- **Provided records**
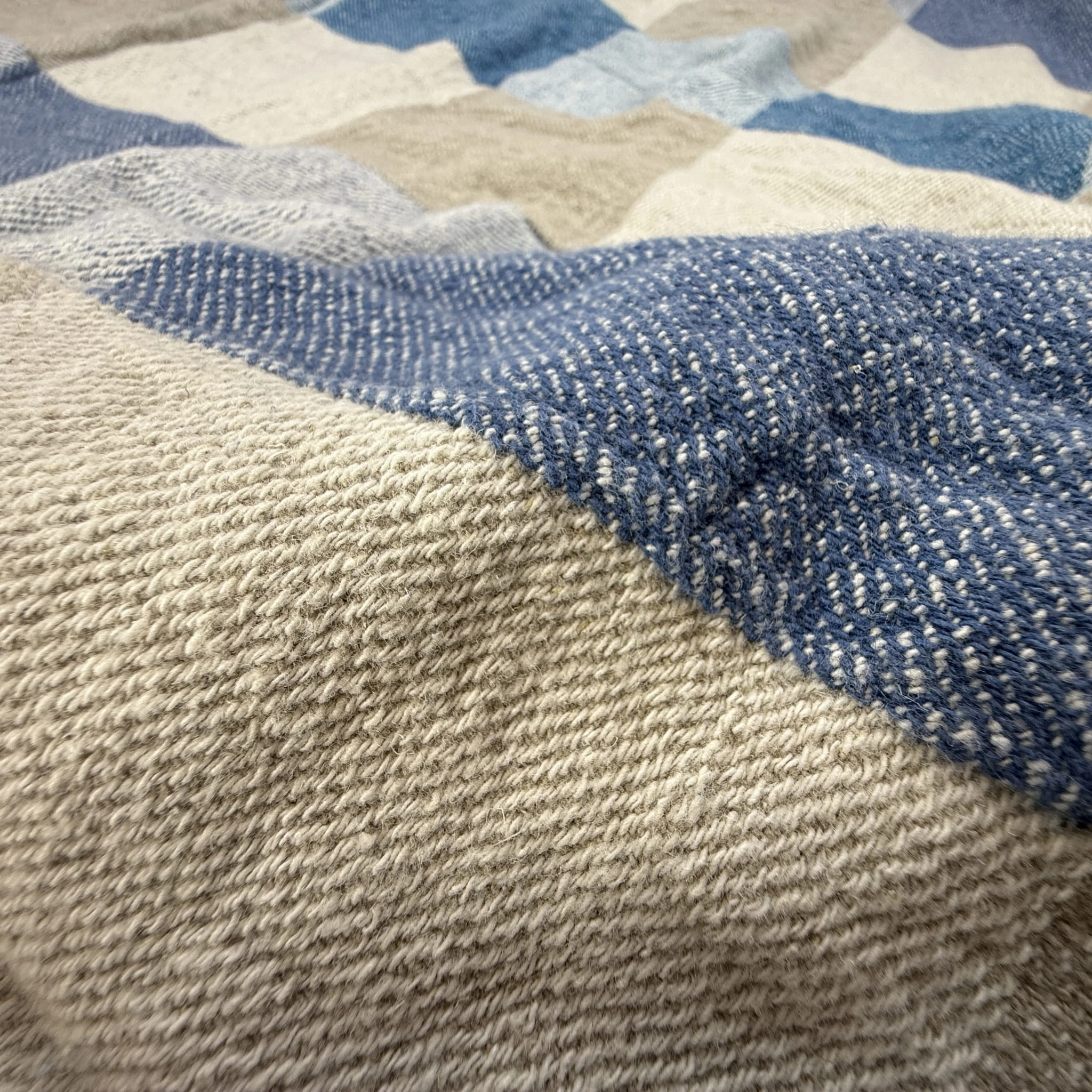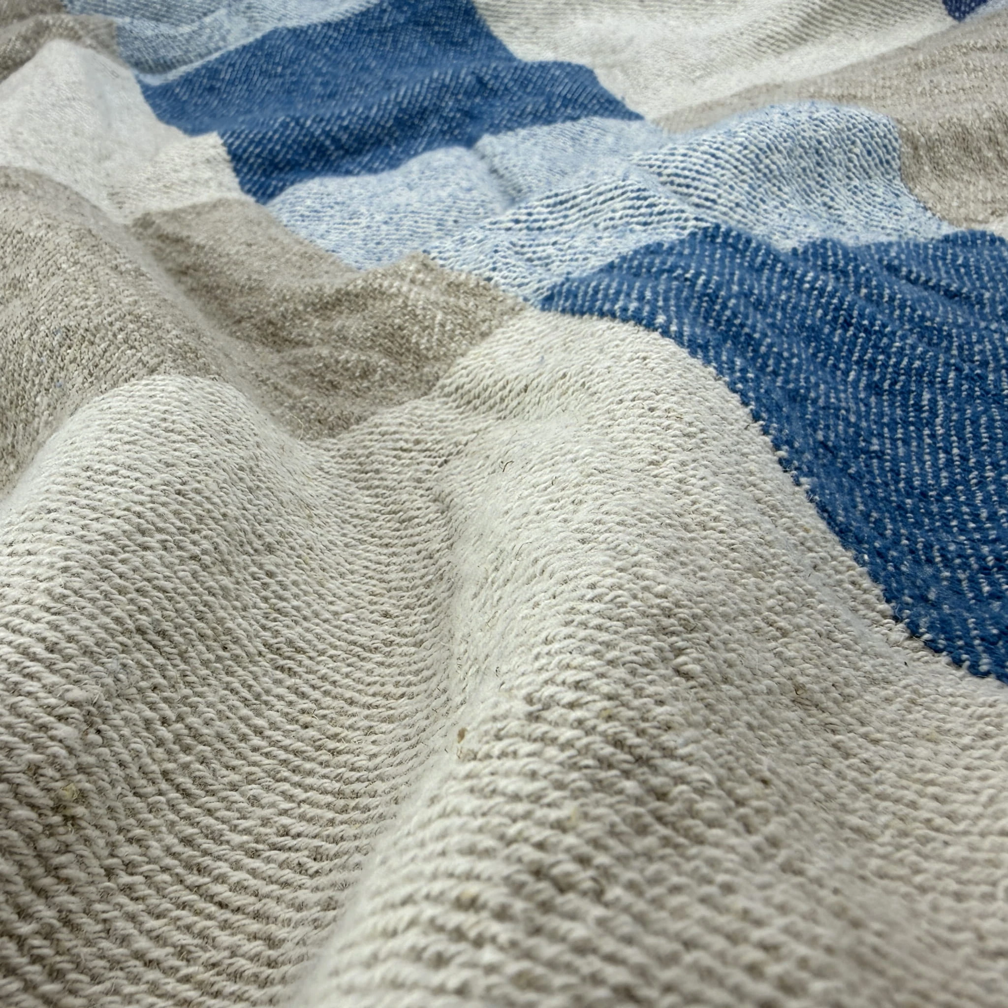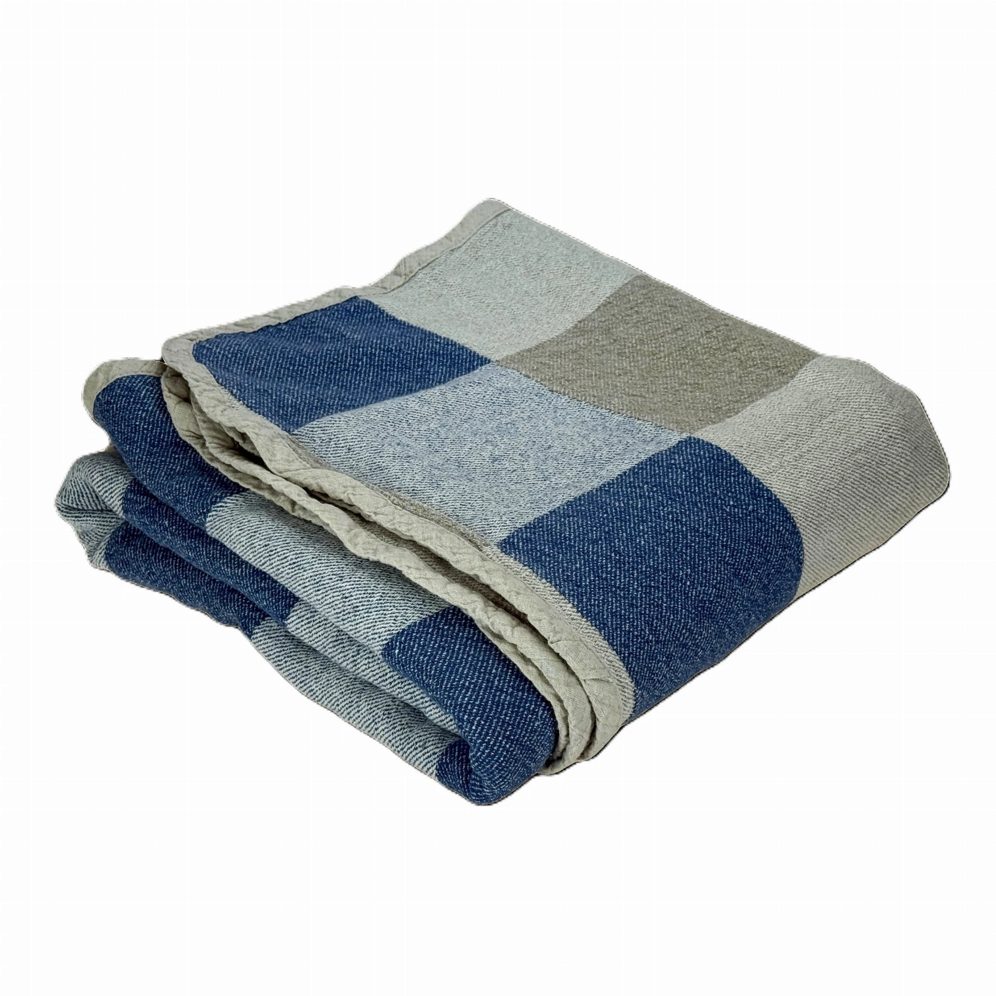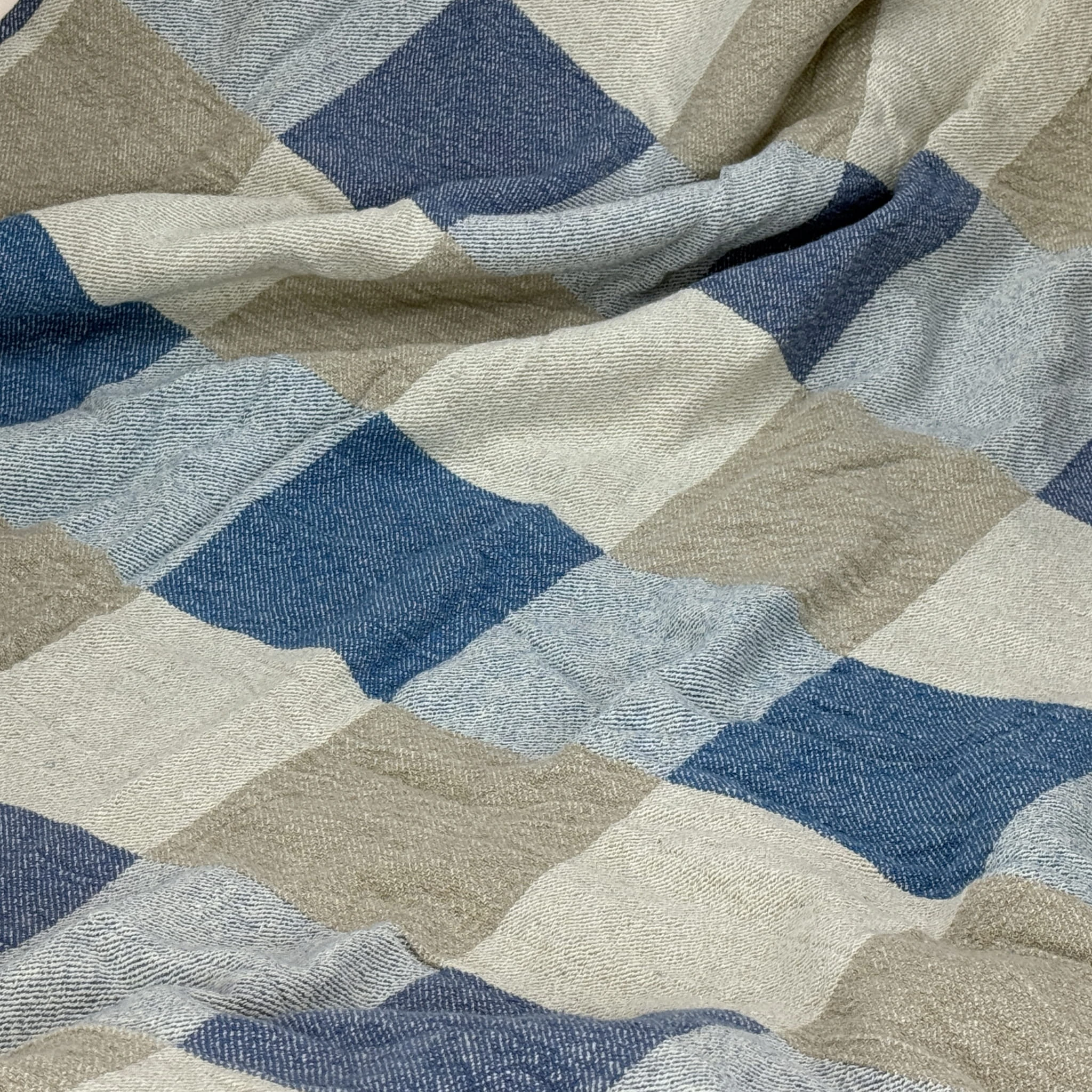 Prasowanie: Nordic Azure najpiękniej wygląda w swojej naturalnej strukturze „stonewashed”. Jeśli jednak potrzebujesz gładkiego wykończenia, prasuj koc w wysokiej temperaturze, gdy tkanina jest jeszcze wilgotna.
---
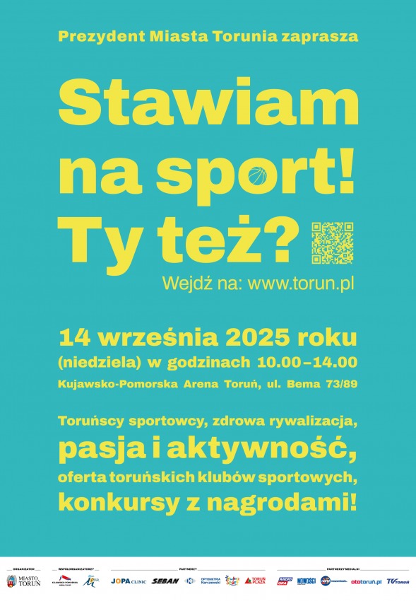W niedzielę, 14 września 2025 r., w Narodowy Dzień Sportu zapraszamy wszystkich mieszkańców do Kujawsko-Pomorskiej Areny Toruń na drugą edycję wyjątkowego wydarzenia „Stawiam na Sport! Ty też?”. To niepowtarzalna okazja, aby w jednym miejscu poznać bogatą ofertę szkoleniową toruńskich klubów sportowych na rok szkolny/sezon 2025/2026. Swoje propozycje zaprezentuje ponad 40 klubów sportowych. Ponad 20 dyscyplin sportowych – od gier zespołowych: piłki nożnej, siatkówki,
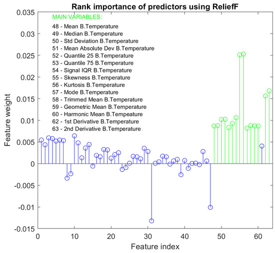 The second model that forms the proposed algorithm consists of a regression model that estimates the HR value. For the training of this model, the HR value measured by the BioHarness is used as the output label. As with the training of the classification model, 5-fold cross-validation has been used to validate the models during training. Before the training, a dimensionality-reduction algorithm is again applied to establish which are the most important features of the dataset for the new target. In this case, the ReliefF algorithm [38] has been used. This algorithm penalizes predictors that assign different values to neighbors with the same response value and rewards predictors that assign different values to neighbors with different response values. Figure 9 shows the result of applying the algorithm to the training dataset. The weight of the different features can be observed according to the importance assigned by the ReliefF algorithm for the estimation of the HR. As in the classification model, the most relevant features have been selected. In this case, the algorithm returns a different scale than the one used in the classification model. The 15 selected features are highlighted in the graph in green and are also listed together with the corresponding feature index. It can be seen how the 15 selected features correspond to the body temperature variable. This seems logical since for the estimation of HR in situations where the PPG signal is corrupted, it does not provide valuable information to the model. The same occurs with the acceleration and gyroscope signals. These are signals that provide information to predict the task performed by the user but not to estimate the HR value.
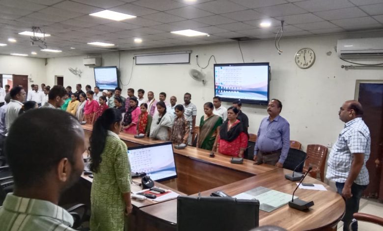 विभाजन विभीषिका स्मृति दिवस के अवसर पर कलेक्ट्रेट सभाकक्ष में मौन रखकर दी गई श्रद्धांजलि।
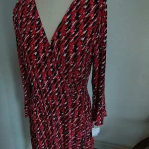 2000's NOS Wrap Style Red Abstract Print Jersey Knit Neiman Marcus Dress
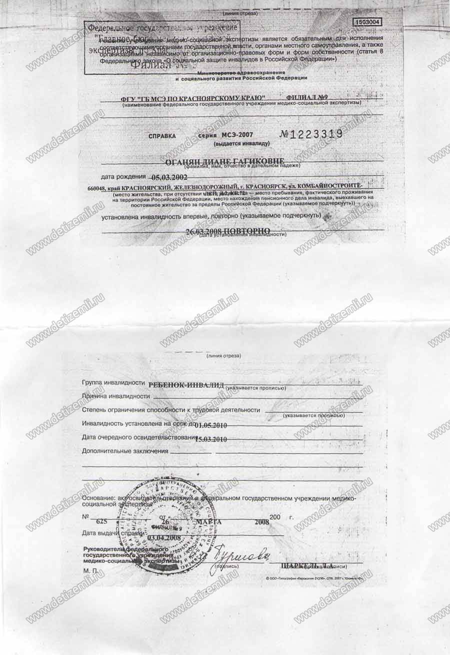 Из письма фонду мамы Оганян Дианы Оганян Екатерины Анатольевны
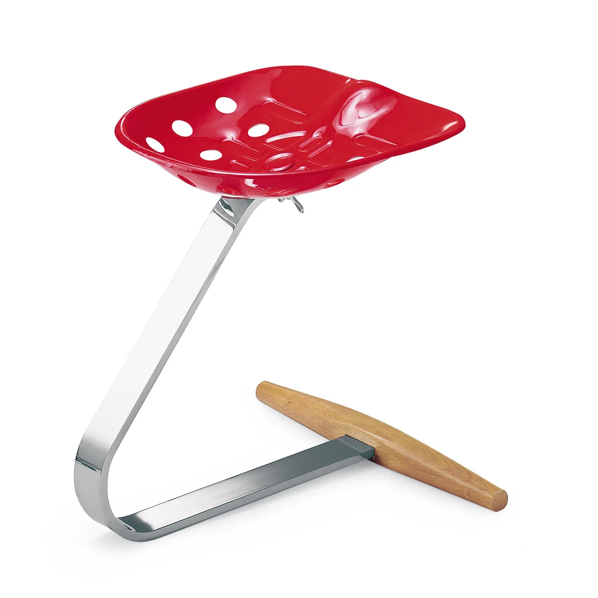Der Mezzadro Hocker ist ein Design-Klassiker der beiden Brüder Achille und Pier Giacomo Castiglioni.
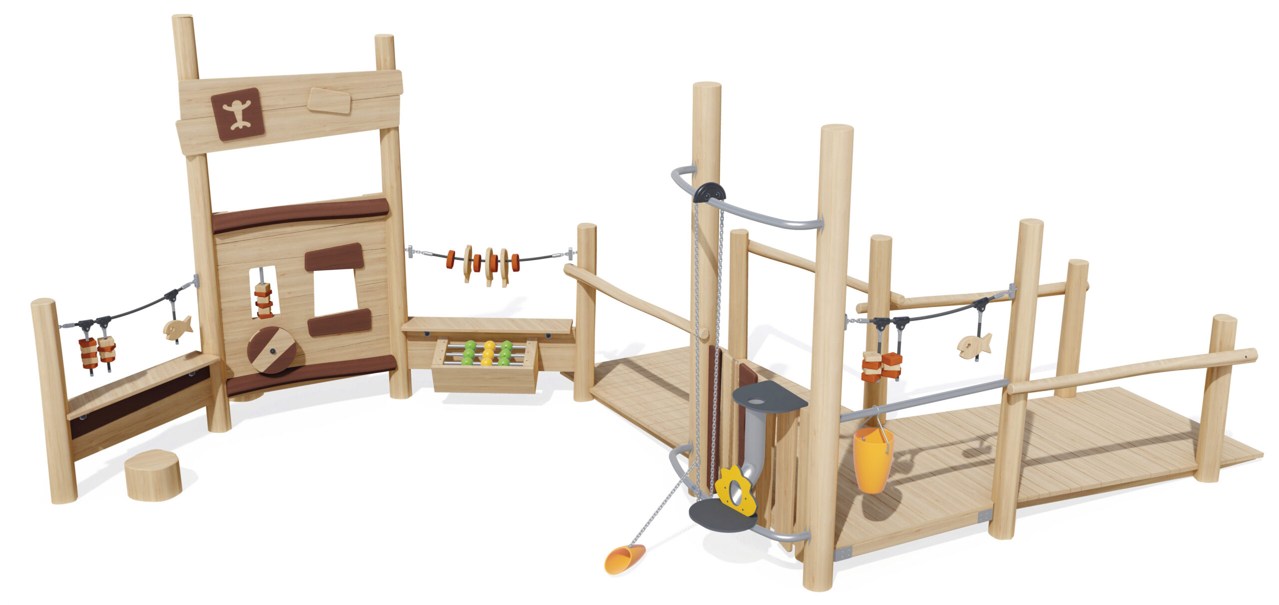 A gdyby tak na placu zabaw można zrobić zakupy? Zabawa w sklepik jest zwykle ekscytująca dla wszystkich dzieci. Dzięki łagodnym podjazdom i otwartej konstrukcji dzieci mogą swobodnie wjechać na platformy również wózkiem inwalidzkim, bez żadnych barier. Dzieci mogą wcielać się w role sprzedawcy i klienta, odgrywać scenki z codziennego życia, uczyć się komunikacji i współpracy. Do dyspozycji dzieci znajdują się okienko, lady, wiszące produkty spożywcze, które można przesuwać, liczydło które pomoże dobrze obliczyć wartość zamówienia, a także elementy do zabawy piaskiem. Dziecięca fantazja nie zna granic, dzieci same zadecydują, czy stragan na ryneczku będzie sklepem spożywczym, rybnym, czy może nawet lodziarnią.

- **Brief**
In the listing above, find the line with "The second model" and the line with "विभाजन विभीषिका स्मृति". Copy exactly those two and every line between, without the pictures.

- **Response area**
 The second model that forms the proposed algorithm consists of a regression model that estimates the HR value. For the training of this model, the HR value measured by the BioHarness is used as the output label. As with the training of the classification model, 5-fold cross-validation has been used to validate the models during training. Before the training, a dimensionality-reduction algorithm is again applied to establish which are the most important features of the dataset for the new target. In this case, the ReliefF algorithm [38] has been used. This algorithm penalizes predictors that assign different values to neighbors with the same response value and rewards predictors that assign different values to neighbors with different response values. Figure 9 shows the result of applying the algorithm to the training dataset. The weight of the different features can be observed according to the importance assigned by the ReliefF algorithm for the estimation of the HR. As in the classification model, the most relevant features have been selected. In this case, the algorithm returns a different scale than the one used in the classification model. The 15 selected features are highlighted in the graph in green and are also listed together with the corresponding feature index. It can be seen how the 15 selected features correspond to the body temperature variable. This seems logical since for the estimation of HR in situations where the PPG signal is corrupted, it does not provide valuable information to the model. The same occurs with the acceleration and gyroscope signals. These are signals that provide information to predict the task performed by the user but not to estimate the HR value.
 विभाजन विभीषिका स्मृति दिवस के अवसर पर कलेक्ट्रेट सभाकक्ष में मौन रखकर दी गई श्रद्धांजलि।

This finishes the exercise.